Tainted milk official back in the party's good books

PUBLISHED : Thursday, 24 November, 2011, 12:00am
UPDATED : Thursday, 24 November, 2011, 12:00am
 

A senior Hebei official dismissed over the melamine-tainted baby formula scandal in 2008 has returned - appearing at an important Communist Party meeting in the province, state media reports.

Wu Xianguo, former party boss of Shijiazhuang and a former member of the standing committee of the Communist Party in Hebei, appears to be the latest in a string of sacked officials returning to political roles.

According to Xinhuanet.com, the online version of the central government's mouthpiece, Wu attended the party's meeting on Friday as an observer.

He was removed from his positions for his 'leadership role' in covering up and not properly dealing with the milk scandal.

At least six babies died and more than 300,000 children suffered kidney problems after consuming the melamine-tainted milk.

Many other officials who had been disgraced for their roles in this event later resurfaced in high positions, including Li Changjiang, the former head of the General Administration of Quality Supervision, Inspection and Quarantine, who was named deputy chairman of a national working group combatting pornography in 2009.

Wu's appearance could serve as a signal that he will return 'as a senior government official', according to Dr Chen Daoyin, an associate professor of political science at the Shanghai University of Political Science and Law.

The report triggered a strong public outcry yesterday.

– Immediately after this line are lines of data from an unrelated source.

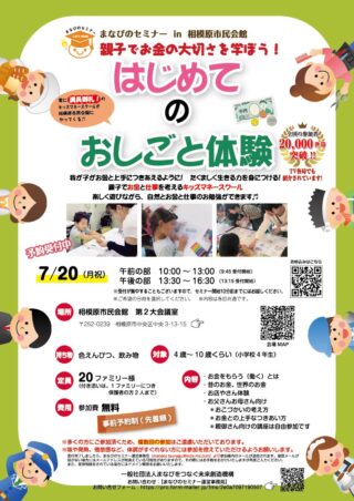 7月20日(月祝)【相模原市民会館】キッズマネースクール情報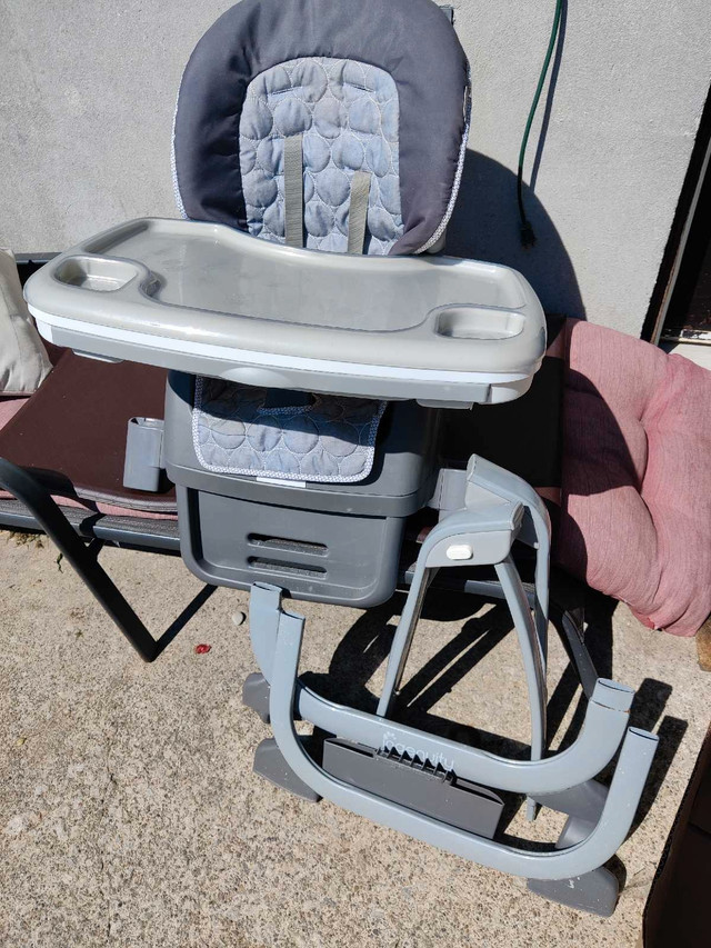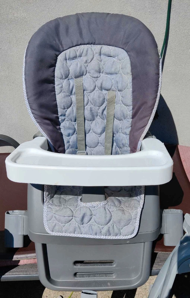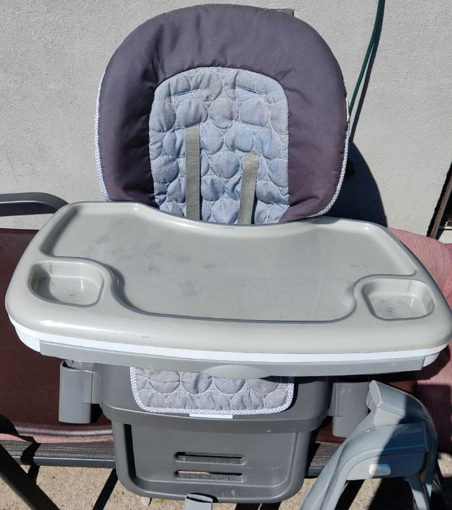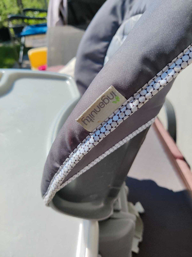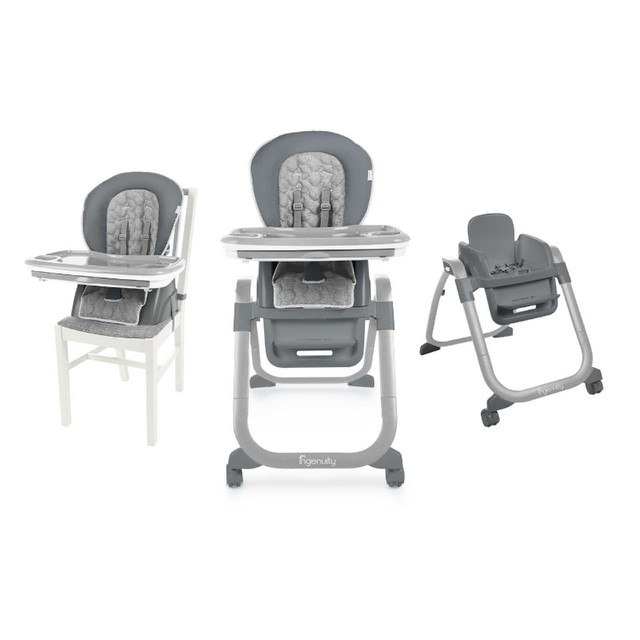 This Ingenuity SmartServe 4-in-1 High Chair in Connolly offers versatility as it grows with your child, functioning as a full-size high chair, booster seat, and toddler chair. In great condition and perfect working order. This adaptable high chair provides a comfortable and safe feeding experience from infancy through the toddler years. Key features include: * 4-in-1 design: Converts to different stages * Adjustable height and reclining positions * Removable and dishwasher-safe tray * Easy-to-clean seat pad * Compact folding for storage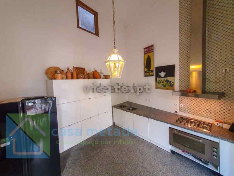 – Na cozinha: bancadas largas e chão em granito de Monchique, Sienito, pedra única no mundo. Azulejos originais;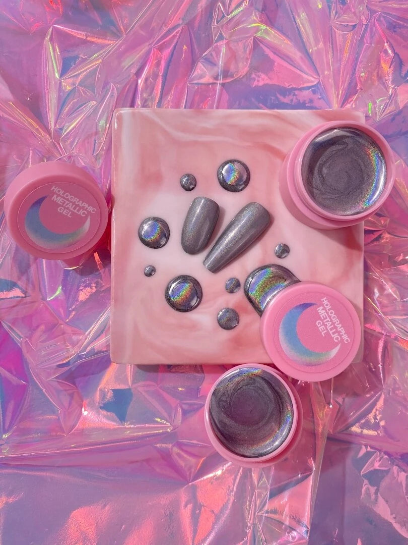METALLIC HOLOGRAPHIC GEL are metallic gel paints for designs. They are quite liquid, making them perfect for creating compositions.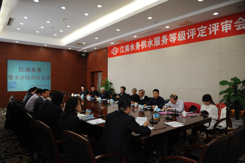 12日上午,供水服務評級首次會議在13樓會議室召開,會上,公司總經理沙建新作了簡短的致辭,他對聯盟專家評審組的到來表示熱烈的歡迎,同時懇請各位專家為企業的服務工作提出意見和建議,為公司打造中小型水務企業標桿出謀劃策,促進提升公司的水務專業服務水平,更好地服務于廣大客戶。公司副總經理吳耀東向評審組簡要介紹了江陰的城市供水現狀,并重點匯報了服務評級工作的自查情況,內容包括用戶服務指標、水質指標、供水能力指標及供水績效指標。
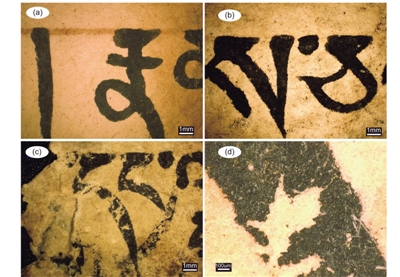 測定藏紙的年代,主要有兩種方法,一種是通過藏文的字體及內(nèi)容判定大致年代,還有一種是碳14測年技術(shù)。論文第一作者、中國科學院大學特別研究助理韓賓博士介紹,他們在請藏文專家進行文字預(yù)判的基礎(chǔ)上,在兩個不同的實驗室對藏紙樣品開展了碳14測年。結(jié)果表明該組殘片為12—13世紀古紙殘片。測年數(shù)據(jù)的一致性,也表明碳14測年技術(shù)可以很好地判定藏紙的年代,為后續(xù)藏紙的研究提供了參考。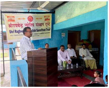 During the event, Mr. Avtar Singh commended the Trust for its contributions to social welfare and expressed gratitude to the Trust's President and Founder, Dr. Chander Mouli Raina, for this commendable initiative. In his remarks, Mr. Rashid Alam acknowledged the existence of numerous trusts across India and noted that some are established for personal interests; however, he highlighted the distinctiveness of Shri Raghavendra Jyotish Sansthan Trust’s social work and encouraged other organizations to similarly support underprivileged students for the broader benefit of society and the nation. School Principal Mr. Raj Kumar Thapa also offered his perspectives and extended thanks to the Trust. The Trust Secretary, Mr. Kusum Hindu, delivered a vote of thanks to the distinguished guests. The program was facilitated by the Trust's General Secretary, Dr. Prakash Shastri, and was attended by local dignitaries and school faculty members.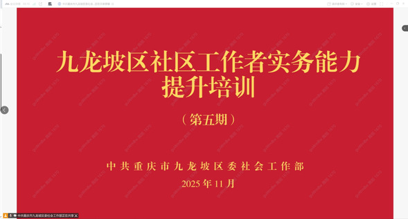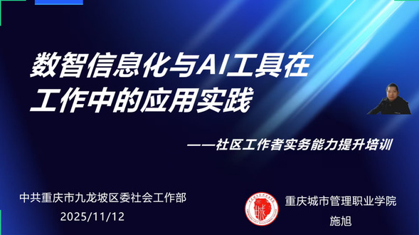 11月12日,重庆市九龙坡区社区工作者实务能力提升培训(第五期)顺利开展,学院软件技术专业教研室教师施旭受九龙坡区委社会工作部委托,以“数智信息化与AI在工作中的应用实践”为题为九龙坡区当地20多个街道和社区约100名基层工作人员开展了线上专题授课,为参训社区工作者带来了一场兼具理论高度与实操价值的技能培训。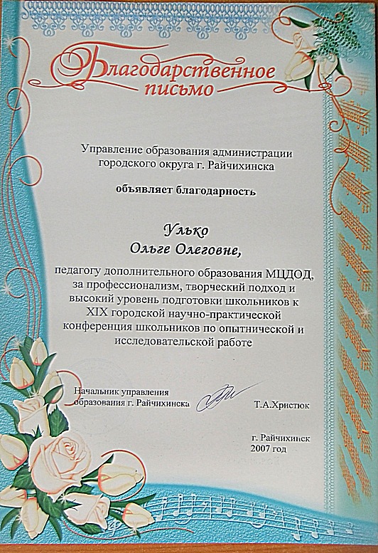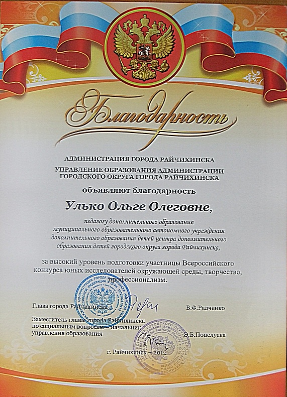 За высокий уровень подготовки участницы Всероссийского конкурса юных исследователей

An internet user on 163.com, a major news portal, said Wu's comeback was 'humiliating' for the tens of thousands of families with babies hurt by the tainted milk.

Over the past few years the public has been unhappy that many officials sacked over serious public incidents returned - some to major positions.

Chen said it was normal for dismissed officials to be reinstated, but people in China generally distrusted officials and the government, so they suspected that disgraced officials' returns were due to a lack of transparency in officials' appointments.

'The process of appointing officials is quite random and full of irregularities,' he said.